While the pace of U.S. home-price growth lagged the rate of inflation for the third month in a row in July, Chicago was one of the nation’s top performers, reflecting a reversal of fortune from the pandemic years, when Midwest markets were overshadowed by the blistering run-up in home prices seen in the Sun Belt, S&P Dow Jones Indices said. 

“Importantly, this rotation seems rooted in fundamentals: The markets now on top — like Chicago or Cleveland — tend to be more affordable and supported by steady local economies, whereas the ones stumbling — like San Francisco or Phoenix — are grappling with stretched affordability and the comedown from speculative fervor,” said Nicholas Godec, head of fixed income tradables and commodities at S&P Dow Jones. 

The S&P Cotality Case-Shiller U.S. National Home Price Index rose just 1.7% year over year in July, down from the 1.9% annual gain measured in June and below the 2.7% rise in consumer prices. In fact, S&P Dow Jones noted, the 1.7% gain is one of the weakest annual increases in the last 10 years. Month over month, the index slid 0.2%.  

“U.S. home values have essentially stagnated after inflation, marking the third straight month of real housing wealth decline for homeowners,” Godec said. “This reversal is striking: During the pandemic boom, home prices were climbing far faster than inflation, rapidly boosting homeowners’ real equity. Now, the situation has flipped — over the last year, owning a home yielded a modest nominal gain, but an inflation-adjusted loss.” 

In Chicago, however, home appreciation remained healthy in July, with prices rising 6.23% year over year and 0.65% month over month. The annual gain is the second highest among the 20 cities tracked in the index, just behind New York, where prices rose 6.43% annually, and ahead of Cleveland, where they rose 4.46%. 

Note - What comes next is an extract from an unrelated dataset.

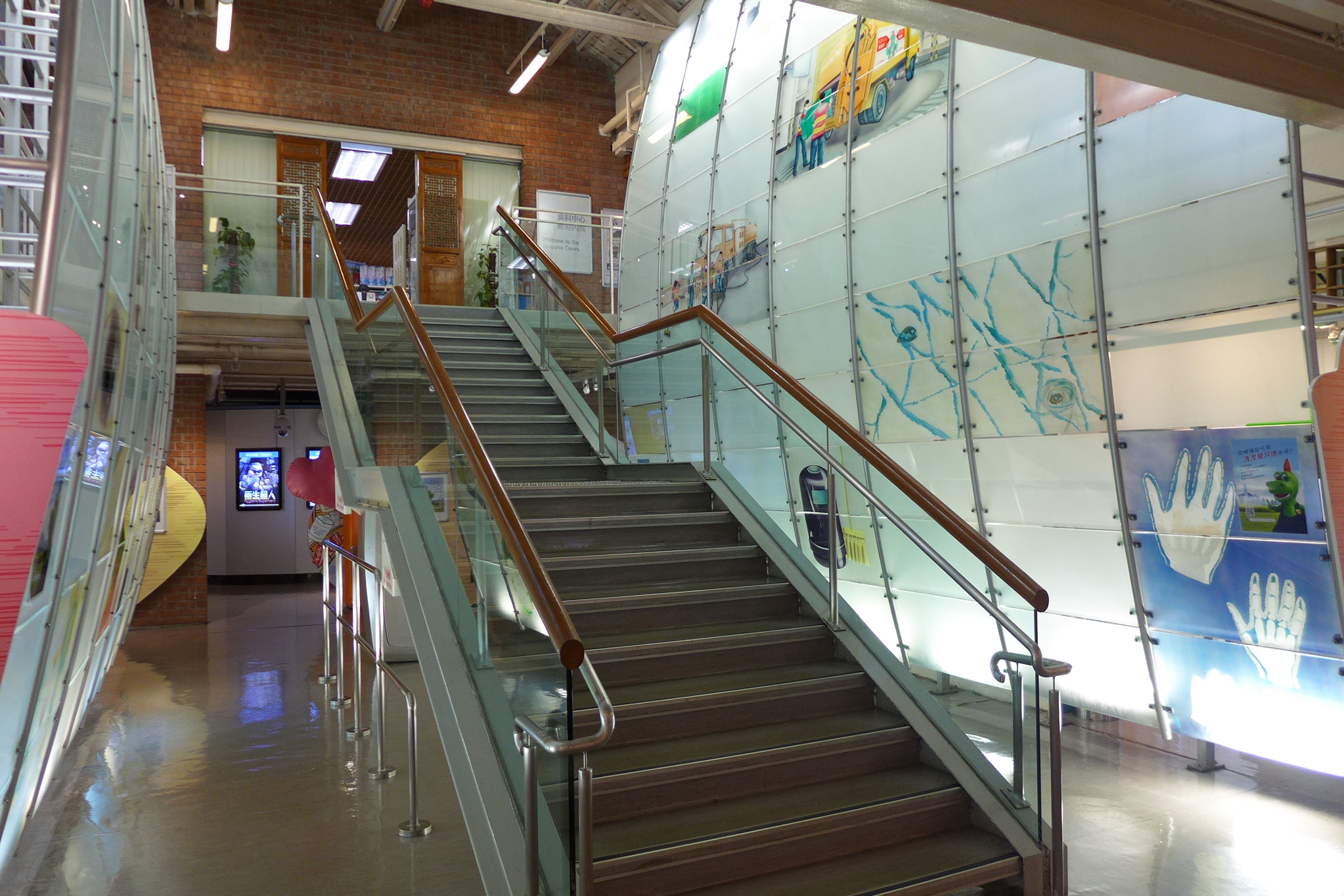 Health Education Exhibition & Resource Centre

The S&P Cotality Case-Shiller 10-city composite index rose 2.34% year over year, while the 20-city composite rose 1.84%. Month over month, the 10-city was down 0.31%, while the 20-city was down 0.29%.  

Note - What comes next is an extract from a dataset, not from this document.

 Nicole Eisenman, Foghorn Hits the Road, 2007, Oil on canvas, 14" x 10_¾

Fifteen of the cities in the 20-city index saw month-over-month declines, S&P Dow Jones noted, underscoring the housing market’s “fragility.” 

“Looking ahead, the housing market appears to be settling into a new, more measured equilibrium,” Godec said. “The era of 15-20% annual home-price jumps is behind us, and in its place, we’re seeing growth rates closer to overall inflation — or even a bit below it. While that means homeowners aren’t gaining wealth at the breakneck pace of the recent past, it also signals a potentially healthier trajectory for housing in the long run.”